*Work required*. Please reproduce the listing below exactly, leaving out every picture.

*Dataset section*.
§
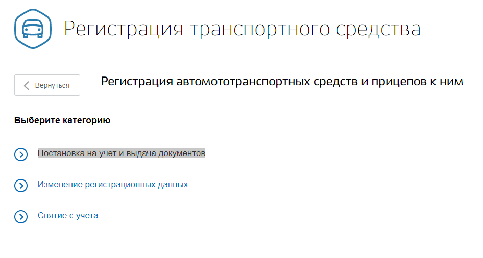 Первый этап: найдите услугу по регистрации транспортного средства.
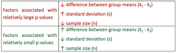 What are the factors associated with large and small p-values?
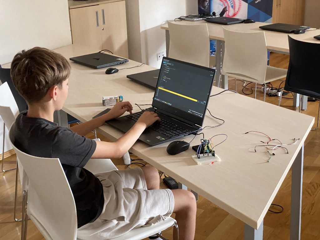 Posebno zanimanje izazvala je radionica „Izradi svog kućnog AI asistenta“, koju je vodio Jakov Biškup. Tijekom četiri dana polaznici su uz pomoć Python programskog jezika i Google API-ja izrađivali vlastite pametne asistente koji razumiju i odgovaraju na glasovne naredbe na hrvatskom jeziku. Povezivanjem softvera s Arduino mikroračunalima, djeca su uspješno izrađivala prototipove koji mogu upravljati svjetlima, prozorima i senzorima – spajajući umjetnu inteligenciju i elektroniku u funkcionalne projekte.
§
*Task result*.
 Первый этап: найдите услугу по регистрации транспортного средства.
 What are the factors associated with large and small p-values?
 Posebno zanimanje izazvala je radionica „Izradi svog kućnog AI asistenta“, koju je vodio Jakov Biškup. Tijekom četiri dana polaznici su uz pomoć Python programskog jezika i Google API-ja izrađivali vlastite pametne asistente koji razumiju i odgovaraju na glasovne naredbe na hrvatskom jeziku. Povezivanjem softvera s Arduino mikroračunalima, djeca su uspješno izrađivala prototipove koji mogu upravljati svjetlima, prozorima i senzorima – spajajući umjetnu inteligenciju i elektroniku u funkcionalne projekte.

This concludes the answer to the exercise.